Robyn Voshardt and Sven Humphrey: USA, single channel video. “New and Improved” 2007, (2 min 21 sec), shows a manic flash-card script for positive thinking and self-improvement. Overloading between directives and objectives: “I am…, I can…, I will…” the reader can’t prioritize between daily minutiae or life-changing goals. The handwritten cards come from an actual exercise in behavioral modification. It’s a poignant collision of conflicting ideals: the remnants of a stringent work ethic vs. self-regulated emotional development attempting to keep pace in a post-Fordist global economy.

Tim Geers: USA, looped video. “Eleanor”, 2007, (3:11 min) gorgeously shot with reminiscences of Planet Earth and other wildlife documentaries, yet subtly critiquing the US involvement in the Middle East. The piece is shot tightly capturing crickets caught in a liquid substance, presumably oil. The close-up shots depict the bugs devouring and succumbing to the liquid. The piece is open enough to engage a dialogue on excess as well as war. Travels to Berlin for Driectors Lounge Festival 2009 *

Fabienne Gautier: France, single channel video. “Passing”, 2007, (9:40 min) is a short slice of life on the streets. Isolation on the streets of Paris is captured by the daily dealings of one homeless person.

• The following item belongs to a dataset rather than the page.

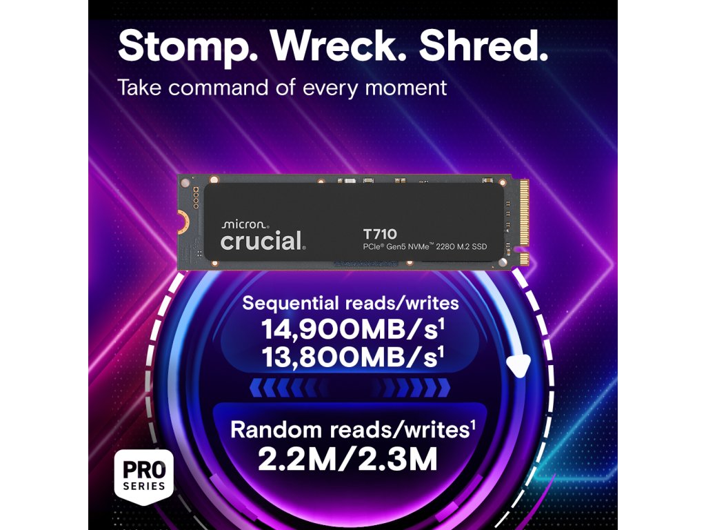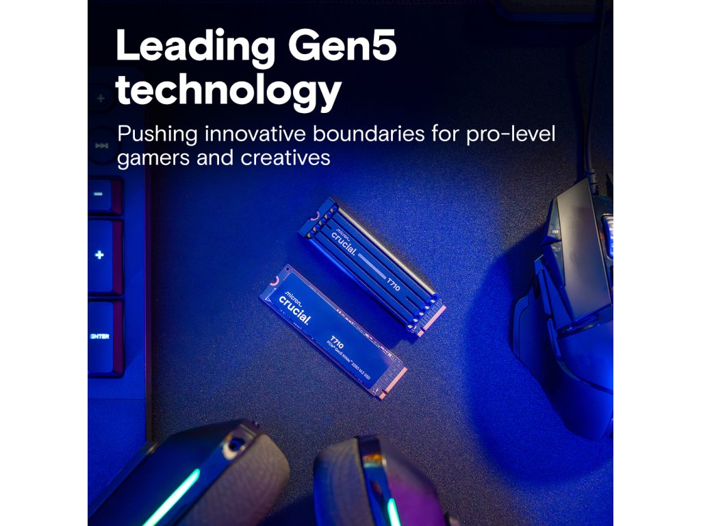 Crucial T710 1TB PCIe Gen5 NVMe 2280 M.2 SSD Nekompromisní výkon Gen5 pro profesionální hráče a tvůrce Parametry *SSD Series: T710 *Rozhraní: NVMe (PCIe Gen 5 x4) *Total Density: 1TB *Kit Quantity: 1 *Form Factor: M.2 (2280) *Sekvenční zápis: 13700 MB/s *Sekvenční čtení: 14900 MB/s Záruka: 5 let

Blake Carrington, USA, single channel video. “Sky and Wires: At Home and Homeless, 2007, (9:30 min) ponders a contemporary life of engaging with places not as somewhere to be, but as a place to chart a trajectory through. The piece is presented in multiple-screen format, and an aggressive pattern and flow of image and sound become predominant, as the importance of individual scenes and notes is blurred. In two movements, still imagery from locations in New York, San Francisco, San Diego, Arizona, Indiana, Louisville, Austin, and Las Vegas is introduced and then destroyed in a hyper-rhythm of image and always-progressing serial sound.

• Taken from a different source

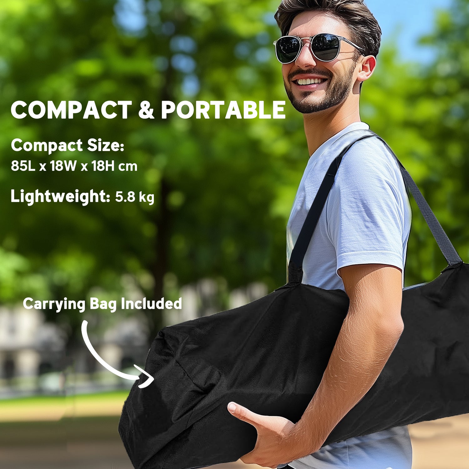 - Compact & Portable: Simplifying travel, this lightweight camping chair features an easy fold system, reducing to a compact size (85 x 18 x 18 cm) with a lightweight frame of 5.8 kg and comes with a carrying bag.

Screening Room Travels to Berlin for Driectors Lounge Festival 2009 *

Chie Yamayoshi, Japan/USA, “I want to make a video about you”, 2005, (12:00 min). A young woman invites strangers found on the Internet to act out intimate roles, friend, family member or boyfriend. The piece unpretentiously delves into issues of cyber culture, racial stereotypes, intimacy and anonymity, danger and fantasy.

Pierrre St Jacques, USA “Project for a Grey Dress in NY”, 2005, (12:30 min). The piece is very loosely based on Alain Robbe-Grillet's novel "Project for a Revolution in New York". A woman in her apartment is getting ready to go out, she is ironing her grey dress. A man comes up the stairs, presumably to meet her but this is not certain. The basic central theme is of desire. Desire for the other and also for the self.

Ellen Lake, USA, “I was Never Glamorous, I was Just Around”, 2006, (2:00 min), 16 mm film & cell phone video, color & black and white. A short meditation on balance, preservation, time and technology. This diptych connects cell phone images of an elderly woman to 16 mm films of her former youthful self skating with friends in the 1930s.

Christopher Bruchansky, Belgium, “On The Couch”, 2006 (7:00 min). The story analysis few seconds on a couch : Carlos has difficulties to relax... The supposedly trivial scene is recaptured on different angles, intimate, concrete or statistical, until it reveals all its meaning.

Elizabeth Riley, USA, “Liberty”, 2007, (12:00 min). Shot in the artist's studio, and on New York City’s West Side—and employing a blue tarp as a metaphorical dividing line between self and other—Liberty is a narrative of the integration of the body and an individual’s psychological states with the city.

Marlo Bodzick, Australia, w_b_m (water, breath, money), 2005, (2:27 min). A roll of toilet paper unravels, we hear, but don’t see the dynamic individual discussing the connection between water, breath and money. w_b_m is a clever call for the restoration of balance in our consumer-oriented society.